When you’re in close quarters, you really do learn a lot about people. Fortunately none of us had killed each other but we also had a Croatian for ballast. With Matko, he had a special set of people skills a ship captain would need to have. Matko had ceased being a ship captain and became our friend. And it wasn’t hard: he was quite charming and disarming but also honest.
Matko started to share with us his viewpoint of the war. Being a kid himself, he was playing with friends one day when the Serbians roll up outside of Dubrovnik with their large cannons and tanks. He thought it was just a military exercise until planes started bombing the city that night. When the planes stopped the cannons started. The shelling continued for nearly a day before the city finally surrendered.
From there, madness that could only be brought by war ensued. The Serbians saw fit, for some reason, to poison the city’s water supply as well. Before the word got out, Matko’s father had drank some of this water requiring 3 feet of his intestine to be removed.

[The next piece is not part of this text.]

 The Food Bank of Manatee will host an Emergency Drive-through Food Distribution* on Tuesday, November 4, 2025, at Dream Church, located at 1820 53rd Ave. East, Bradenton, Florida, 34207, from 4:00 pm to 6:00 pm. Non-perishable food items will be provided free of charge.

Being American, we’re lucky to have never experienced war being brought to our shores. Geographically, that would be hard to do. But when your immediate neighbor has more military might, and no wisdom, it’s not hard to imagine jealousy would follow and the age-old battle for territory would ensue.
At this point in the story, Matko took a long hit off his cigarette and stared off into the mountains. His family fled Dubrovnik. The only way to evade the snipers hiding in the mountains was to drive fast, with no headlights, down the roads that were completely engulfed in the blackness of night. Once they had made it safely away from the city, their lives returned to a semi-normal state until the Serbians were forced out. Then came the rebuilding.

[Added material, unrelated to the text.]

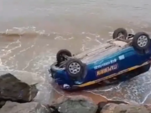 Aluna de autoescola perde o controle do veículo e carro vai para na areia da praia

The entrepreneurial spirit and strong work-ethic turns this tiny country into a cash machine. Since the only tax is a 22% VAT tax, the entire country pretty much runs on a cash-system. Pay cash, no receipts, no tax. This makes Croatia’s neighbors slightly jealous. And after each invasion, the people find themselves once again rebuilding their country and their lives.
Matko’s story is just one of thousands, told by the survivors of the war. People who can remember and were affected often have a sad look in their eyes, even though the war ended nearly a decade ago. But life must go on and each recognizes they can wallow in sadness or improve their situation. Fortunately most have elected to improve their situation such as our boat captain.